Одежду свою Шведов сменил, ходил теперь только в «штрюцком», ничего военного, даже усы начал подстригать по-пижонски, квадратиком. Это был другой человек, не Шведов.
На Николаевском вокзале он решил отыскать нужного человечка — лучше всего железнодорожного служащего, — и выведать у него всё о Красине. В том, что это ему удастся сделать, Шведов не сомневался, знал, что за деньги он сумеет купить себе и не такие сведения.
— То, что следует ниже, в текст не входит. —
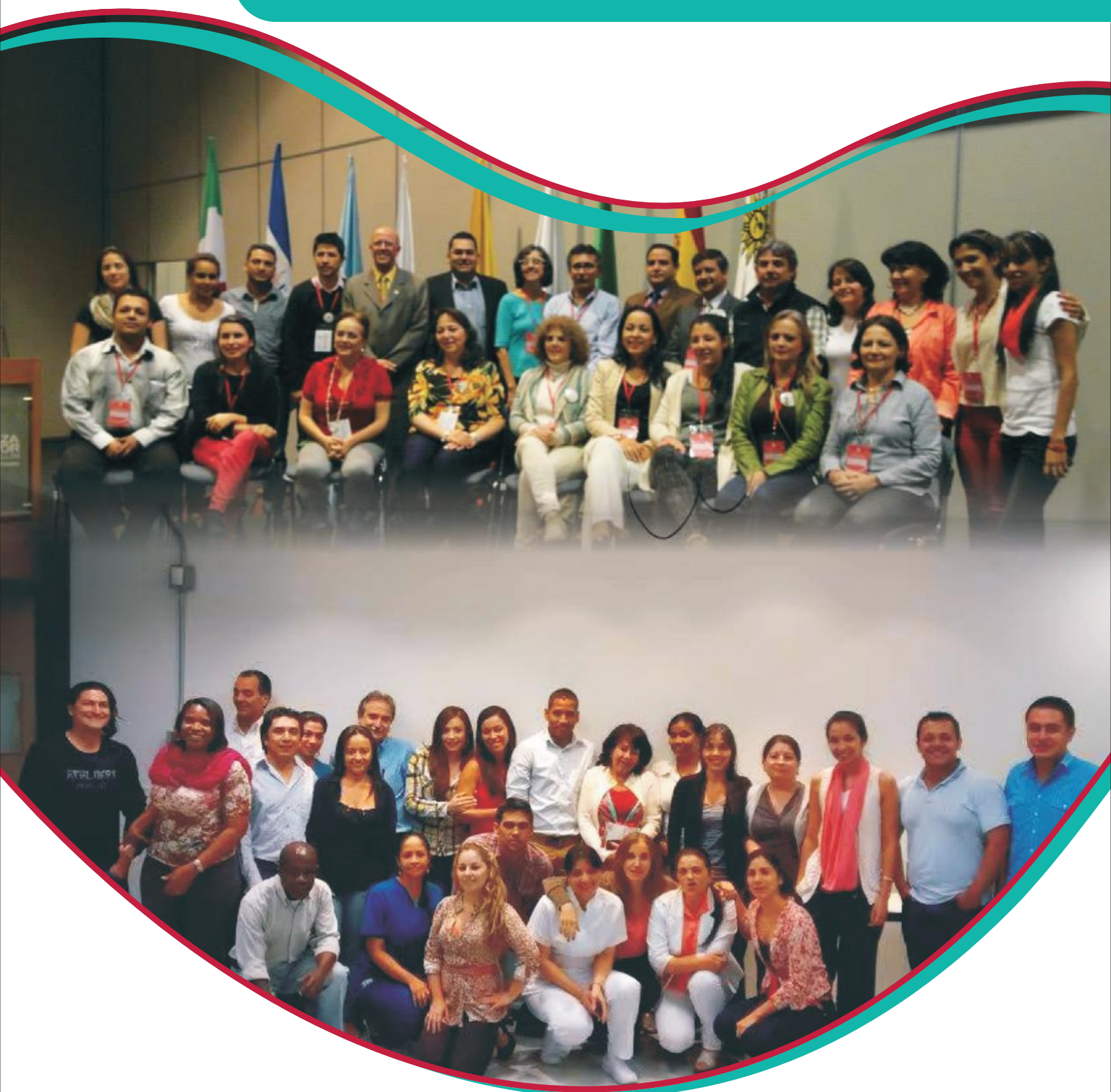
Arriba: Espacios del seminario Internacional "Políticas públicas en salud bucal, para la garantía del derecho a la salud". Abajo: Grupo de estudiantes Diplomado de Políticas Públicas en salud bucal para Medellín.

У вокзала он увидел малорослого жиглявого паренька в большой клетчатой кепке. Судя по всему, кастрата — человек этот неестественно тонким женским голоском вслух читал заметку (это была та самая заметка, о Красине) в газете, помещённой в застеклённый стенд, стоявший на двух деревянных ногах. Такие газетные стенды были разбросаны по всему Петрограду, советская власть решила с помощью печати воздействовать на умы граждан. Шведов подошёл к кастрату.
— «На золото, которое Красин передаст нашим зарубежным друзьям, Советская Россия получит необходимое промышленное оборудование и технику», — ликующим бабьим голоском прочитал кастрат и, оглянувшись на Шведова, произнёс: — А ведь это здорово, товарищ!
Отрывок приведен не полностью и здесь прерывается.